## PROBLEM DESCRIPTION
Restate word for word the lines of the listing below, from its first line through the line with "Karaman Rehberlik ve", without the pictures.

## DATA BELOW
■ ■ ■ ■ ■

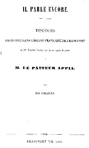 Il parle encore : Discours prononcé dans l'Église française de Francfort le 28 janvier 1849, dix jours après la mort de M. le pasteur Appia par son collègue
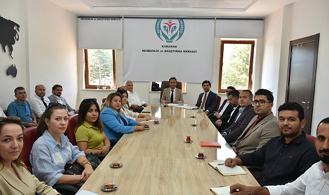Karaman Rehberlik ve Araştırma Merkezi Toplantı Salonu’nda düzenlenen toplantıya, İl Millî Eğitim Müdürü Mehmet Çalışkan başkanlık etti.
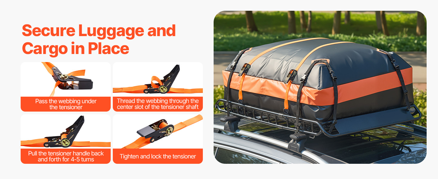 Dieses Set enthält einen Dachgepäckträgerkorb, eine Gepäcktasche und ein Dachgepäckträgernetz. So können Sie auf Ihrem Dach nicht nur mehr Gepäck und Ausrüstung transportieren, sondern auch größere oder unregelmäßig geformte Gegenstände wie Fahrräder, Paddleboards und Zelte.
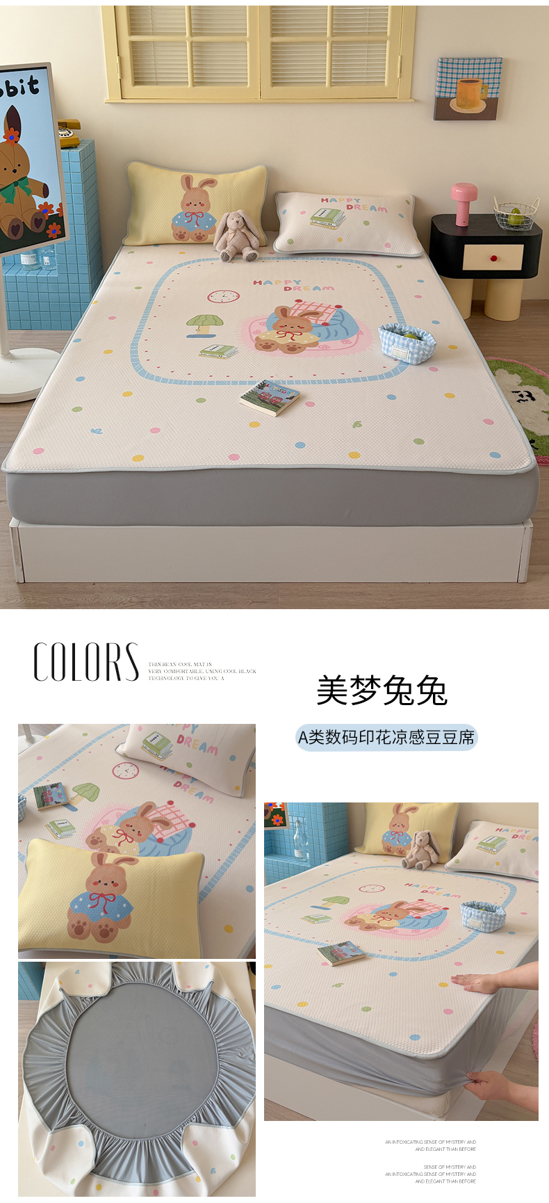 • 91家纺网 家纺一手货源 找家纺 (总)Sweet dreams甜梦 2026新款夏款A类锦氨卡通刺绣立体床笠款凉感席,安睡小熊,布噜海马,春日小兔,乐萌小象,组合

■ ■ ■ ■ ■

## OUTPUT OF THE TASK
 Il parle encore : Discours prononcé dans l'Église française de Francfort le 28 janvier 1849, dix jours après la mort de M. le pasteur Appia par son collègue
Karaman Rehberlik ve Araştırma Merkezi Toplantı Salonu’nda düzenlenen toplantıya, İl Millî Eğitim Müdürü Mehmet Çalışkan başkanlık etti.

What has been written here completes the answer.